Spannend wird es, wenn es nicht um Grundsätzliches geht, sondern um konkrete Wege aus der Währungskrise. Da fallen sich Krämer und Müller gerne mal ins Wort, Thesen werden in den Raum geworfen und Politiker scharf kritisiert. Krämer fordert gleich zu Beginn „keine Denkverbote“ und wirbt dafür, dass die Krisenstaaten die Euro-Zone verlassen. Eine Aussage, mit der er ohne weiteres für die AfD in den Wahlkampf ziehen könnte.
Zur Person:
Henrik Müller ist seit Oktober 2013 Professor für wirtschaftspolitischen Journalismus an der TU Dortmund. Müller ist promovierter Volkswirt, absolvierte die deutsche Journalisten-Schule in München und arbeitete zuletzt als stellvertretender Chefredakteur des manager magazins. 2002 erhielt er den Georg-von-Holtzbrinck-Preis für Wirtschaftsjournalisten.

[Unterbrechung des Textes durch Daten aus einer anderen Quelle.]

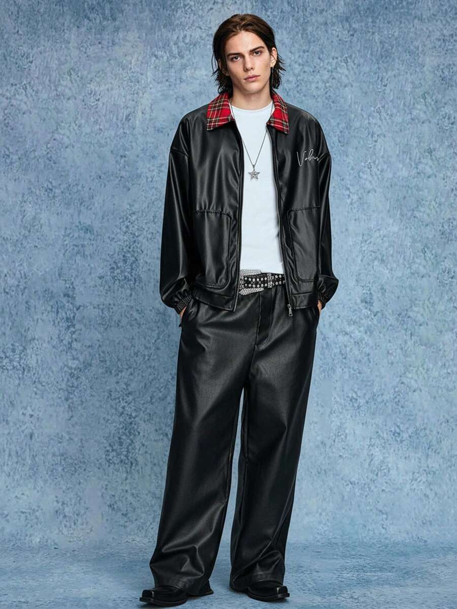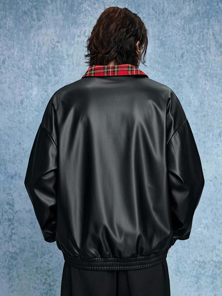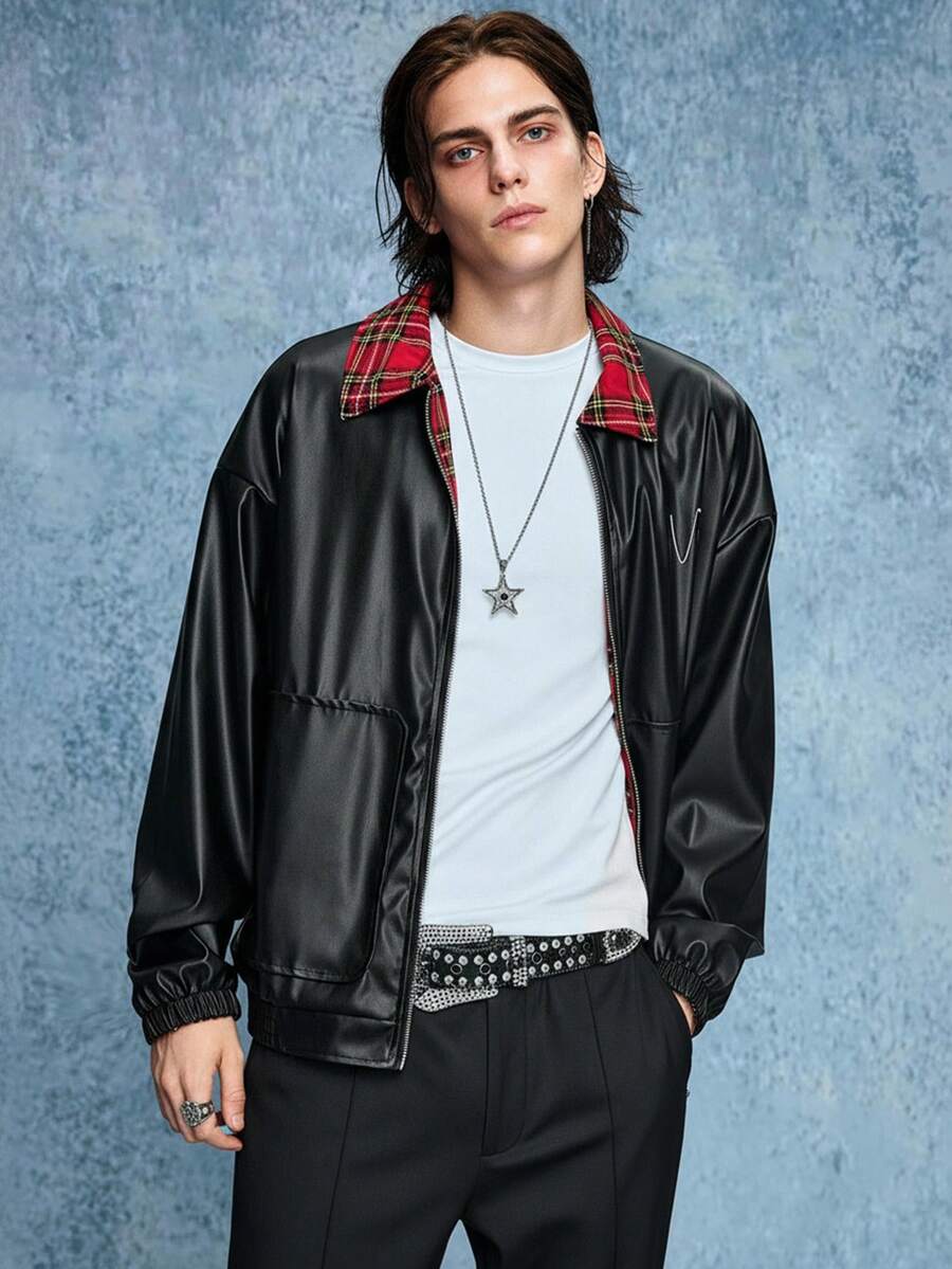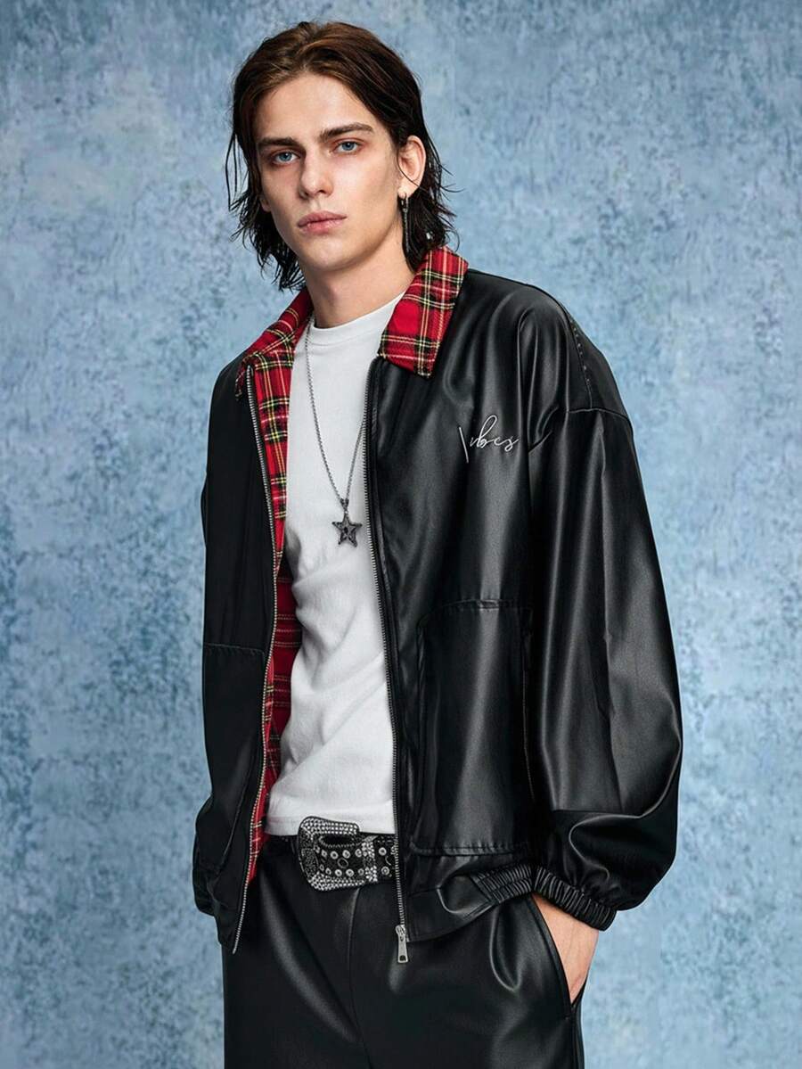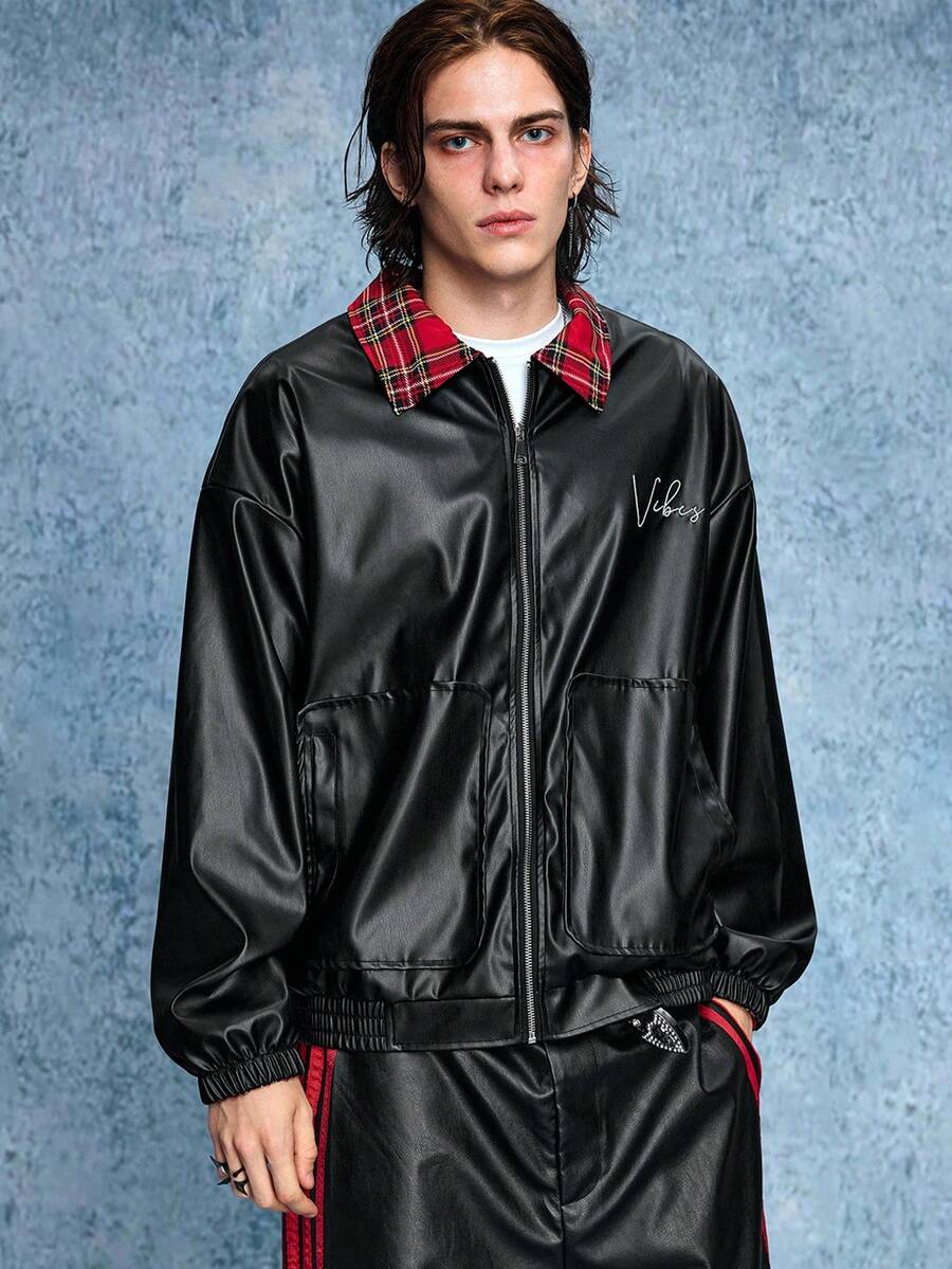 Street Life Giacca di pelle casual da uomo in stile moda di strada e universitario, con ricamo a lettere, patchwork a quadri e chiusura lampo sul colletto, adatta per l'autunno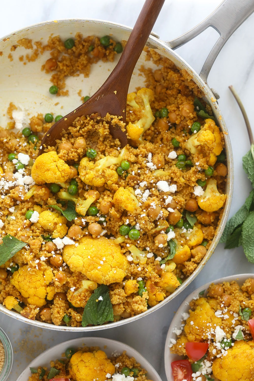 “This gorgeous, anti-inflammatory Moroccan Chickpea Couscous Skillet is a healthy vegetarian meal that’s freezer-friendly!”. Recipe: FitFoodieFinds.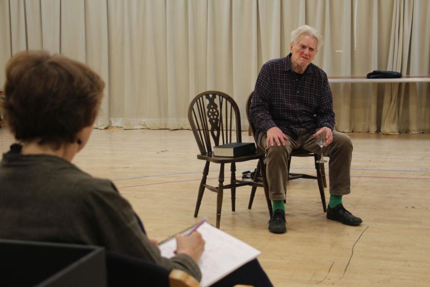 I did, however, undergo six weeks of radiotherapy and this, while hopefully ensuring no recurrence of the disease, did damage my tongue, making speech and eating (rather important to me) even trickier than it might otherwise have been. Words like "grief" and "grave" were especially difficult. Although my home is in London, I was at the time living in Devon. In 2017 Clarissa Brown and I re-met and, much water having flowed under the bridge, we began a relationship that resulted in our happily spending lockdown together at her home on the river Exe. During that time Richard and I emailed only occasionally – there didn't seem much to report – but I eventually told him about the surgery and later the three of us met on Zoom. He says it was seeing my altered appearance and hearing my altered voice that made him think of offering to write me a play. He also wanted to write it with Clarissa in mind as its director.
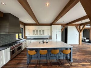 The clients first met Riverbend Timber Framing at a Log and Timber Home Show in Columbus, Ohio. They had already been working with an architect and needed to find a timber frame company to fabricate the timber structure for their home. After completing a final schematic design, they needed to work out the scope and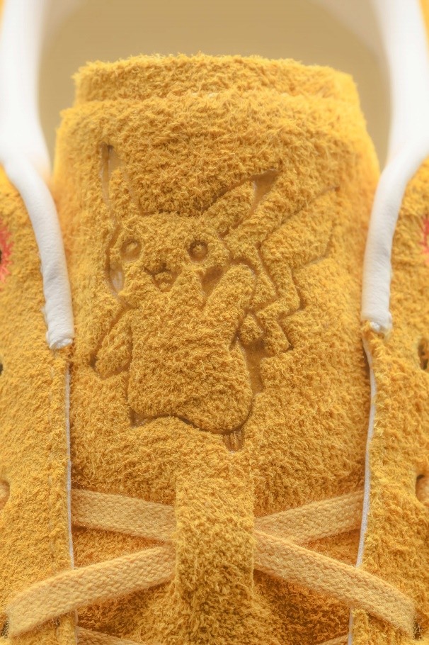 男子鞋款则选取潮跃面包鞋与惟吾LITE板鞋为创作蓝本,鞋款自带EVA回弹中底使其兼具舒适脚感与潮流属性。两鞋款分别以“小火龙”“卡拉卡拉”“耿鬼”与“皮卡丘”为色彩主调,鞋舌与鞋身分别点缀其挂饰与闪卡或剪影,细节处处彰显设计巧思。其中,“潮跃”鞋款分别在鞋身与鞋后跟融入“小火龙”“卡拉卡拉”“耿鬼”标志图案,以多样形式呈现角色特征。其次,融合“耿鬼”的“潮跃”鞋款更是创意制作出具有散点泼墨反光效果的鞋底,增添闪光拍摄时的酷炫魅力。惟吾LITE款式将“皮卡丘”闪电元素融入鞋身与挂饰设计中,闪光灯下,闪电元素更加酷炫,使经典角色活力以更具现代感的方式呈现。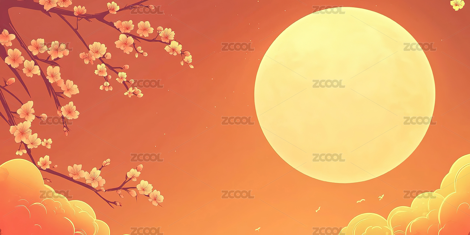 中秋节花朵和满月插画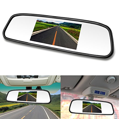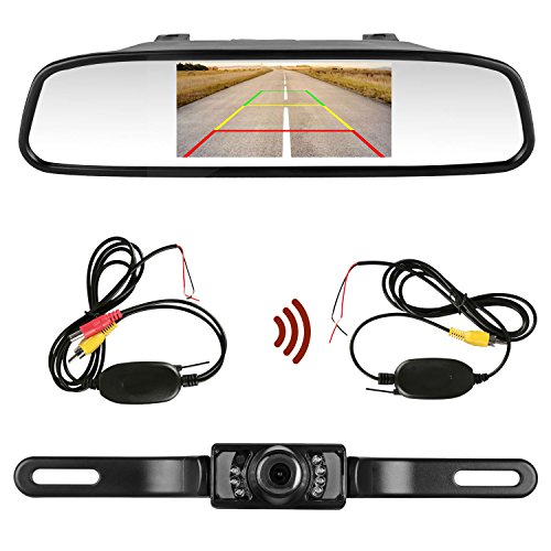 Emmko Backup camera Wireless and Mirror Monitor kit 9V-24V system Waterproof Universal Rear view Camera with 7 LED IR Night Vision 4.3 Display Guild lines for Car/Vehicle/SUV/Pickup

Als Buchautor veröffentlichte er 2012 „Eurovision – Warum ein Scheitern unserer Währung eine Katastrophe wäre“.
Müller hält davon nichts. Er befürchtet, dass bei einer Abwertung der neuen Landeswährung die Wirtschaft zum Stillstand kommt. „Das führt zu Armut, Verelendung und dazu, dass die Radikalen dort gewinnen.“ Krämer widerspricht: „Das Szenario halte ich für unwahrscheinlich.“ Er bezeichnet die Griechen als Gefangene des Euro. Überhaupt kann er sich einige spitze Formulierungen nicht verkneifen. Geht es um die griechische Wirtschaft und ihre Exporte, spricht Krämer plakativ von „Schafskäse“. Allein: Nicht jede Pointe zündet beim Publikum. Die Anekdote, dass er selbst griechische Staatsanleigen gekauft habe, erzählt Krämer nicht zum ersten Mal.
Die Politik traut sich nicht
Auf der anderen Seite verpasst es Müller, ganz konkrete Wege aus der derzeitigen Misere zu nennen. Bei ihm bleibt alles eine Mischung aus Strukturreformen, Schuldenschnitten, ein bisschen Inflation und einer Schuldengemeinschaft. Mit all dem kann er bei Krämer nicht punkten.
Immerhin finden beide zum Schluss der Debatte noch einige gemeinsame Feinde: Investmentbanker und ihre absurd hohen Boni verteufeln Krämer und Müller gleichermaßen. Auch die Politik agiere zu zögerlich, es fehle der eine, große Entwurf für Europas Zukunft. Und sowohl Banken als auch Staaten müssten grundsätzlich pleite gehen können.
Bei den etwa 100 Zuhörern kommen beide gut an. Krämer erntet Applaus, als er die Enteignung von russischen Schwarzgeld-Oligarchen auf Zypern fordert. Auch Müller kann seine Thesen glaubwürdig vermitteln. Nur einmal sorgt er unfreiwillig für Gelächter: „Unsere Einlagen bekommen wir doch verzinst wieder“, sagt er zum Thema Staatsanleihen. Daran mag im Publikum niemand so richtig glauben.
Am Ende eint die Professoren noch ein gemeinsames, finanzielles Interesse: Am Rande der Veranstaltung gibt es Bücher zur Eurokrise zu kaufen, Müllers „Eurovision“ und Krämers „Kalte Enteignung“. Verglichen mit griechischen Staatsanleihen wahrscheinlich eine lohnende Investition.